= Man of Sorrows (musical) =

Man of Sorrows (originally titled Jesus Christ Revolution) is an Australian musical with music by Enzo Toppano and lyrics by Peggy Mortimer and Lorrae Desmond. The rock musical depicts the life of Jesus Christ, from his birth to his crucifixion and the resurrection.

== Productions ==
The musical premiered under the title Jesus Christ Revolution at the Comedy Theatre, Melbourne on 8 January 1972. The cast included Steve Anthony as Jesus, Erl Dalby as Judas and Una Valli as Mary (as well as a young John Paul Young). It closed after three weeks due to weak audience demand.

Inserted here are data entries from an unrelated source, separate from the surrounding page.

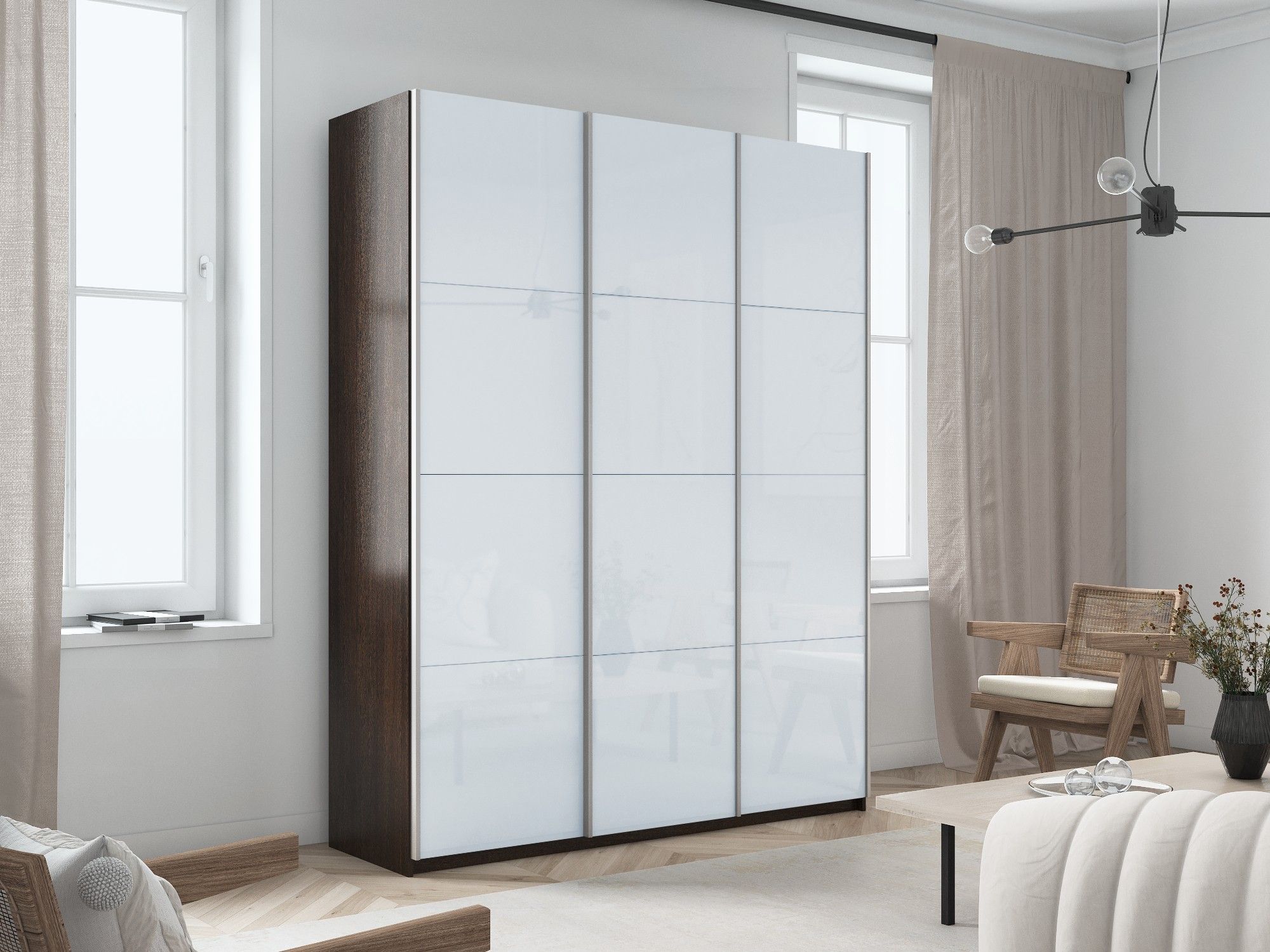 Отзывы о Столплит Шкаф-купе Прайм 3-х дверный Стекла белые/Доводчики 210х57х230 Венге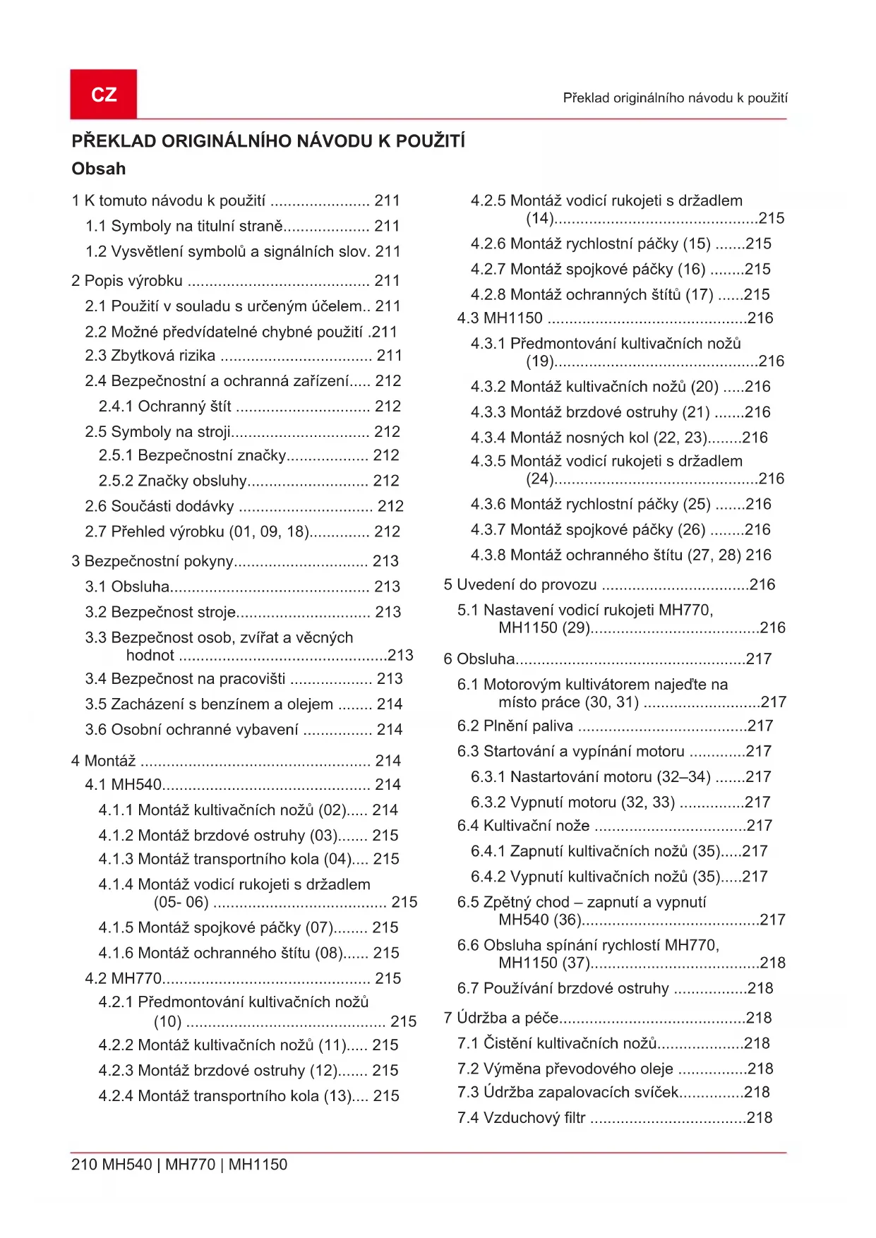 (35)", strana217.CZ 218 MH540 | MH770 | MH1150 Údržba a péče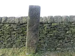The current Moscar Cross (also known as "Humblestone Cross"; grid reference SK231883), is a guide stoop erected in the 18th century, at a parish boundary and packhorse track junction. It is thought a cross existed at the point during earlier periods. The name 'Moscar' is thought to derive from to 'moss' (mos) and 'carr' (kjarr) both referring to marshy areas.[3][4][5] Moscar Cross has been claimed as the location of 'Whitcross' in Charlotte Brontë's novel Jane Eyre.[6]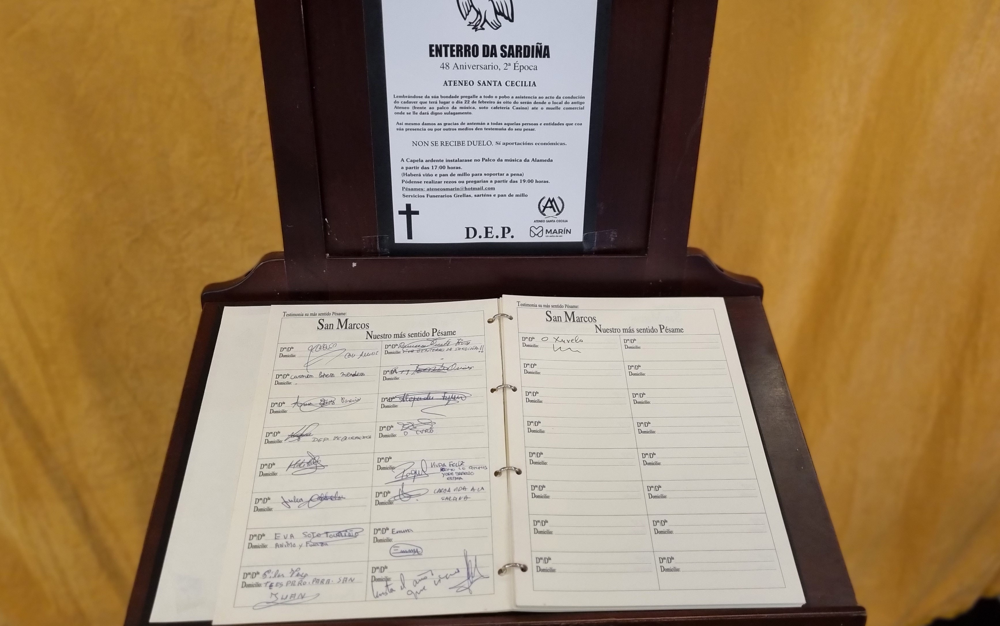 La planta baja del Concello de Marín se ha convertido en la sala de velatorio de un tanatorio donde se puede expresar el pesar y duelo por la muerte de la “Sardiña” que recibirá mañana os honores fúnebres de su solemne “entierro” que aunque se denomine así no es tal porque la sardina no va a tierra sino que acaba en el mar de donde salió en su día “de fiesta”.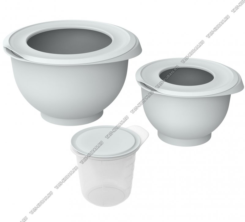 Миска д/работы с миксером Н-р 3шт "Кулинар" серый 5,3л+2,1+мерн.стакан с крышк 0,7л (d27 h17см/d19,5 h13см/d12 h11см) крыш.с отверст-2шт,прорез.ножки (12)

The name was changed to Man of Sorrows for a subsequent Sydney production, which opened at the Pitt Street Congregational Centre on 6 June 1972. The cast included Ron Stevens as Jesus, Erl Dalby (from the Melbourne production) as Judas, Jennifer Bailey as Mother Mary and Janet Roberts as Mary Magdalene.

A 1973 New Zealand production featured Rob Guest as Jesus.

A studio recording of the songs "Hail All Hail" performed by Neil Williams, Kerrie Biddell and chorus and "My Boy's Different" performed by Biddell was released in May 1972.